### RECORDS FOR THE TASK
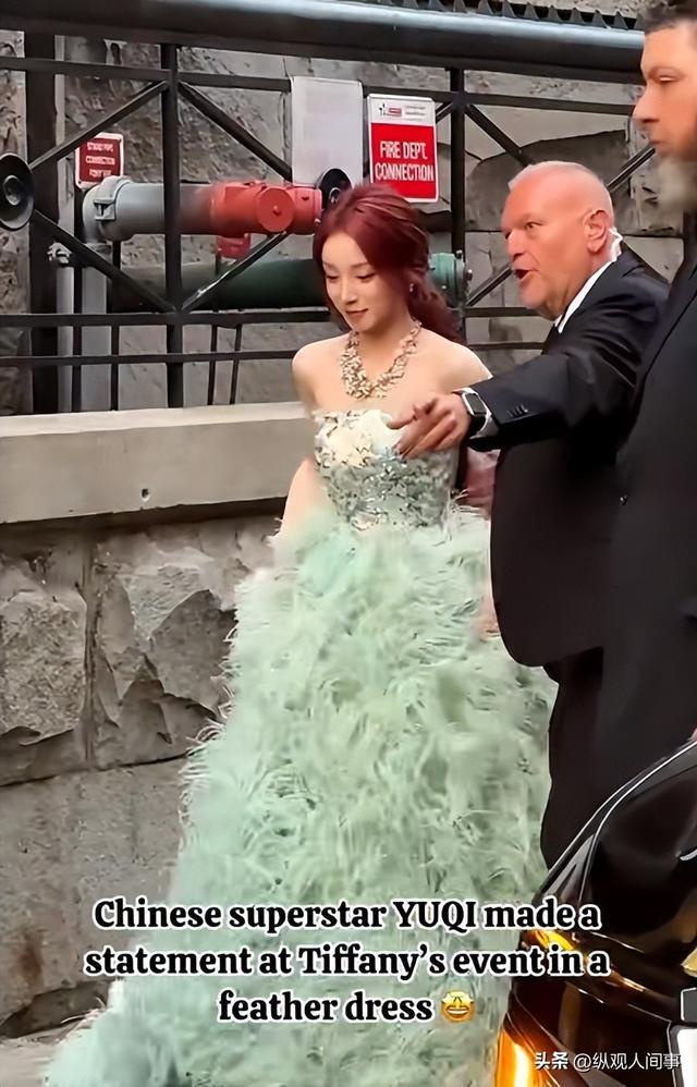 这身礼服与Tiffany高珠的璀璨格格不入,瞬间拉低了整体高级感,网友调侃“这是得罪造型师了吧”。
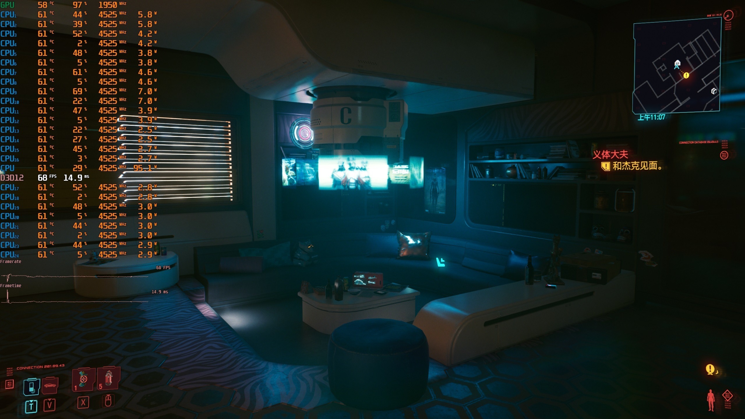 ▼室内小场景游戏帧数在68帧左右,很流畅。
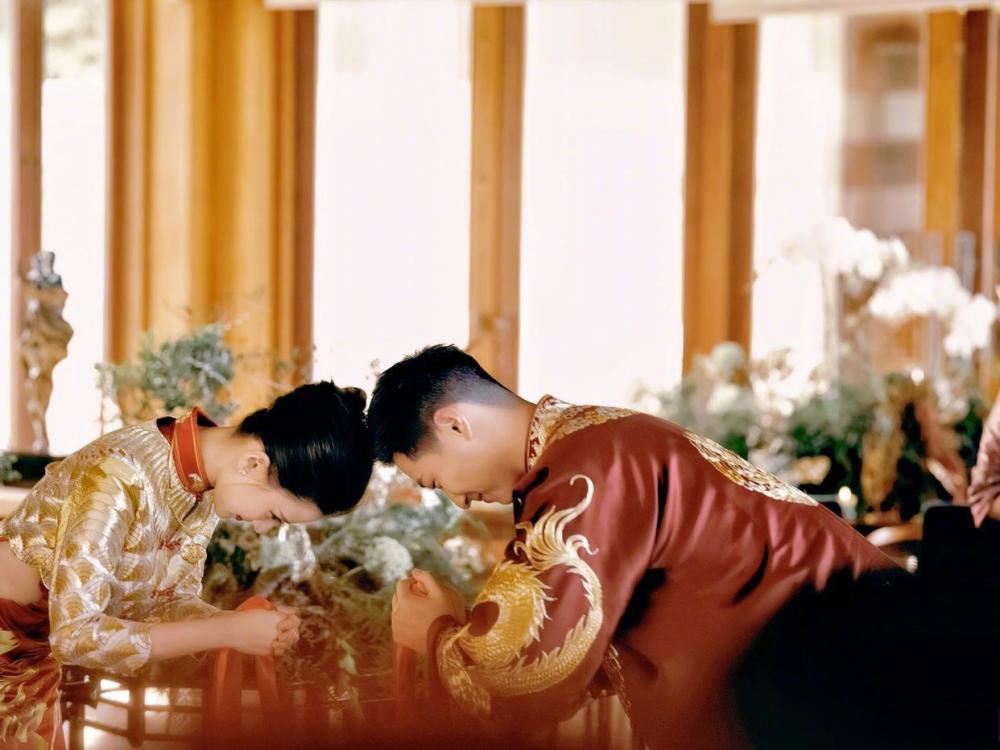 网友见状直呼:何超莲的中式礼服太美了吧。不得不说,只有这种中国红才能衬托出氛围感。
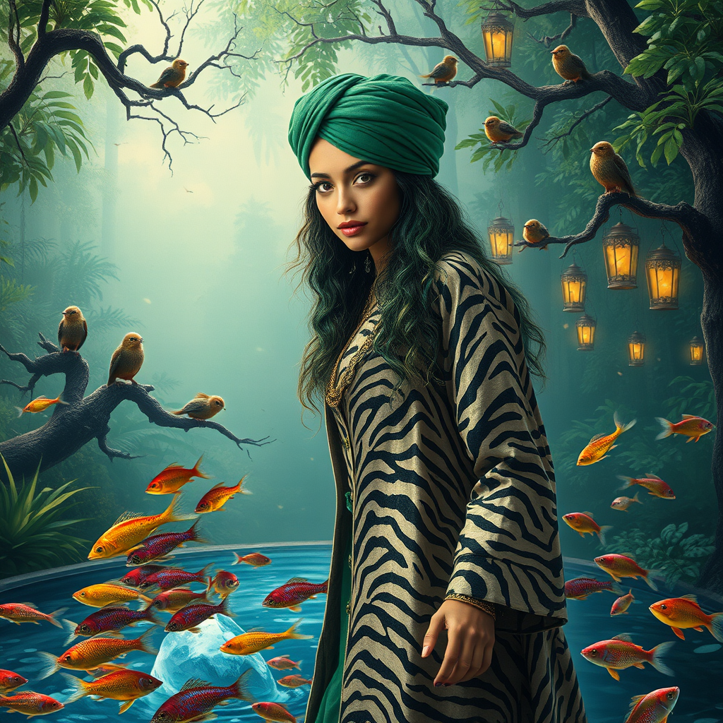 A mystical safari queen descends upon a tapestry jungle, her zebra-print coat and emerald turban blending effortlessly with the surroundings. Iridescent scales glimmering amidst her locks like stardust, as she stands confidently at the edge of a water crystal pool surrounded by schools of rainbow-colored fish. A chorus of chattering, tree-dwelling creatures, perched atop lantern-lit branches, peer down at her with a mix of curiosity and admiration.
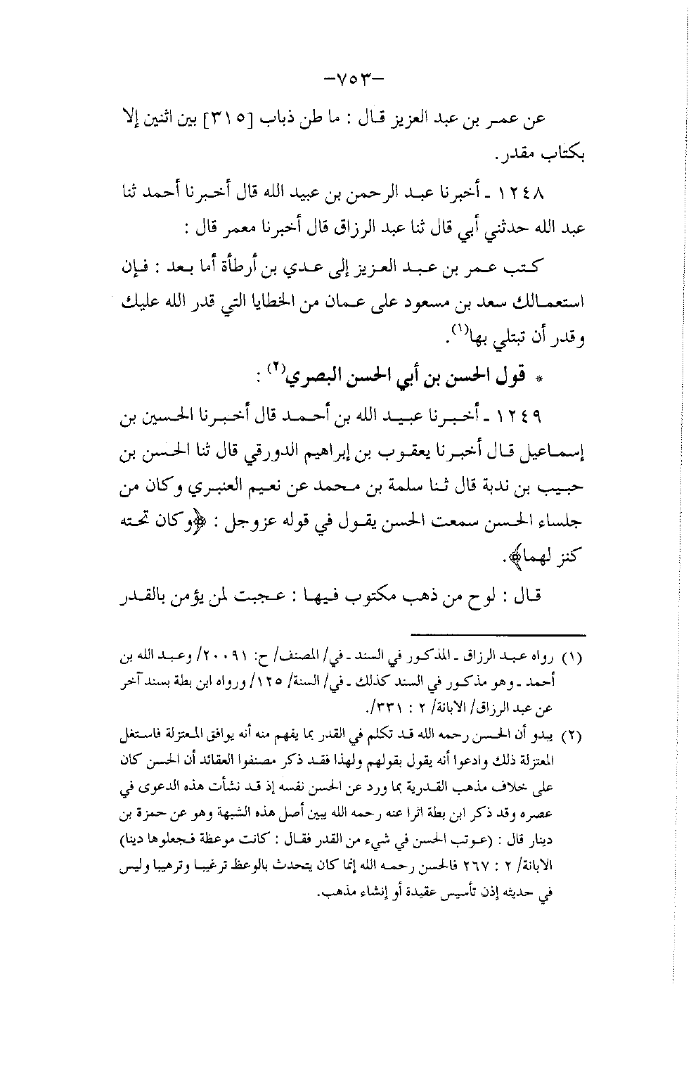 1248 - أَخْبَرَنَا عَبْدُ الرَّحْمَنِ بْنُ عَبْدِ اللَّهِ، قَالَ: أَخْبَرَنَا أَحْمَدُ , ثنا عَبْدُ اللَّهِ , حَدَّثَنِي أَبِي، قَالَ: ثنا عَبْدُ الرَّزَّاقِ، قَالَ: أَخْبَرَنَا مَعْمَرٌ قَالَ: كَتَبَ عُمَرُ بْنُ عَبْدِ الْعَزِيزِ إِلَى عَدِيِّ بْنِ أَرْطَأَةَ: أَمَّا بَعْدُ فَإِنَّ اسْتِعْمَالَكَ سَعْدَ بْنَ مَسْعُودٍ عَلَى عُمَانَ مِنَ §الْخَطَايَا الَّتِي قَدَّرَ اللَّهُ عَلَيْكَ وَقَدَّرَ أَنْ تُبْتَلَى بِهَا
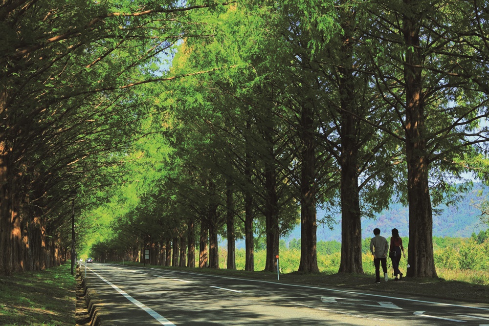 澄みわたる空気のなか、美しい景色と出合える「メタセコイア並木」。季節を変えて何度も訪れたくなる名所です。人や車の往来が少ないのは午前中の早めの時間帯。なるべく早起きしてでかけてみてくださいね。
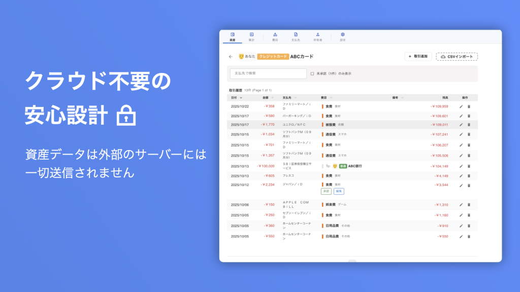 あなたの資産データは、外部のクラウドサーバーには一切送信されません。
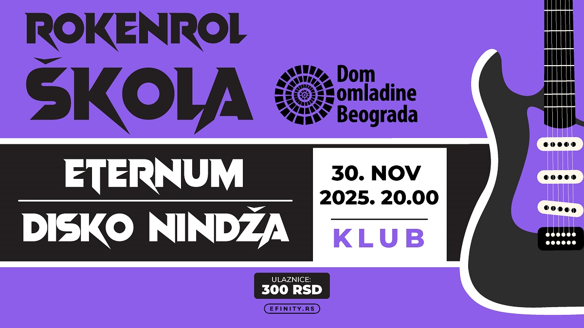 Na sedmoj “Rokenrol školi” u 2025. godini, u nedelju 30. novembra od 20 časova u Klubu DOB, predstaviće se sastavi Eternum iz Kraljeva i Disko nindža iz Desete beogradske gimnazije.
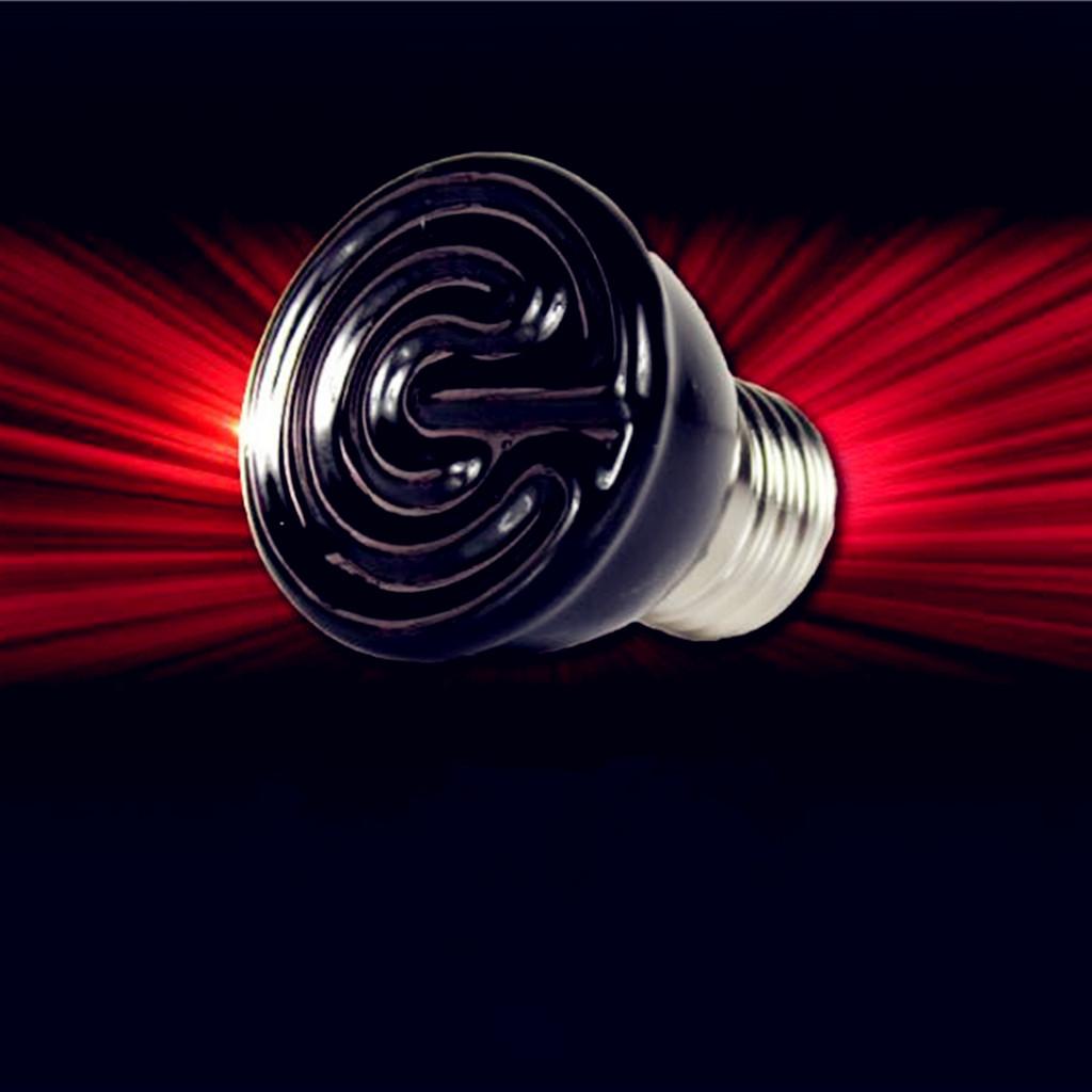 This black ceramic heat emitter bulb is the perfect 24 hour heat source for all reptiles. These porcelain heating devices screw into a standard porcelain incandescent socket, giving off intense muscle-penetrating infrared heat while emitting no light. The flat-faced design is more efficient and longer lasting than conical designs which build up excess heat internally ultimately carbonizing the element.
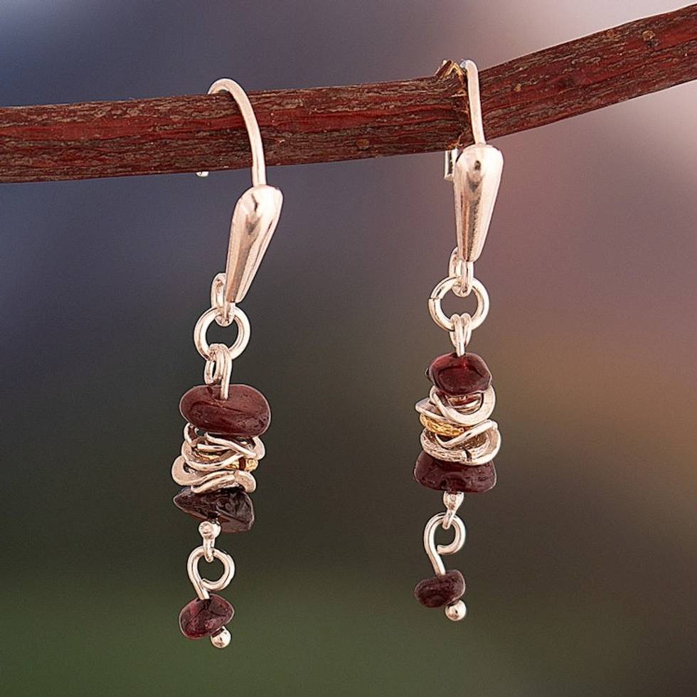 "With garnet as its absolute star, these dangle earrings balance bold color with delicate craftsmanship. Gleaming silver and gold-plated accents add a dynamic edge to Peruvian artisan Silvia Garcia's sophisticated creation, making it a versatile treasure that's destined to stand out in any collection."

### WHAT YOU WILL DO
Leave out the pictures and return every record word for word.

### SOLUTION FOR THIS EXERCISE
 这身礼服与Tiffany高珠的璀璨格格不入,瞬间拉低了整体高级感,网友调侃“这是得罪造型师了吧”。
 ▼室内小场景游戏帧数在68帧左右,很流畅。
 网友见状直呼:何超莲的中式礼服太美了吧。不得不说,只有这种中国红才能衬托出氛围感。
 A mystical safari queen descends upon a tapestry jungle, her zebra-print coat and emerald turban blending effortlessly with the surroundings. Iridescent scales glimmering amidst her locks like stardust, as she stands confidently at the edge of a water crystal pool surrounded by schools of rainbow-colored fish. A chorus of chattering, tree-dwelling creatures, perched atop lantern-lit branches, peer down at her with a mix of curiosity and admiration.
 1248 - أَخْبَرَنَا عَبْدُ الرَّحْمَنِ بْنُ عَبْدِ اللَّهِ، قَالَ: أَخْبَرَنَا أَحْمَدُ , ثنا عَبْدُ اللَّهِ , حَدَّثَنِي أَبِي، قَالَ: ثنا عَبْدُ الرَّزَّاقِ، قَالَ: أَخْبَرَنَا مَعْمَرٌ قَالَ: كَتَبَ عُمَرُ بْنُ عَبْدِ الْعَزِيزِ إِلَى عَدِيِّ بْنِ أَرْطَأَةَ: أَمَّا بَعْدُ فَإِنَّ اسْتِعْمَالَكَ سَعْدَ بْنَ مَسْعُودٍ عَلَى عُمَانَ مِنَ §الْخَطَايَا الَّتِي قَدَّرَ اللَّهُ عَلَيْكَ وَقَدَّرَ أَنْ تُبْتَلَى بِهَا
 澄みわたる空気のなか、美しい景色と出合える「メタセコイア並木」。季節を変えて何度も訪れたくなる名所です。人や車の往来が少ないのは午前中の早めの時間帯。なるべく早起きしてでかけてみてくださいね。
 あなたの資産データは、外部のクラウドサーバーには一切送信されません。
 Na sedmoj “Rokenrol školi” u 2025. godini, u nedelju 30. novembra od 20 časova u Klubu DOB, predstaviće se sastavi Eternum iz Kraljeva i Disko nindža iz Desete beogradske gimnazije.
 This black ceramic heat emitter bulb is the perfect 24 hour heat source for all reptiles. These porcelain heating devices screw into a standard porcelain incandescent socket, giving off intense muscle-penetrating infrared heat while emitting no light. The flat-faced design is more efficient and longer lasting than conical designs which build up excess heat internally ultimately carbonizing the element.
 "With garnet as its absolute star, these dangle earrings balance bold color with delicate craftsmanship. Gleaming silver and gold-plated accents add a dynamic edge to Peruvian artisan Silvia Garcia's sophisticated creation, making it a versatile treasure that's destined to stand out in any collection."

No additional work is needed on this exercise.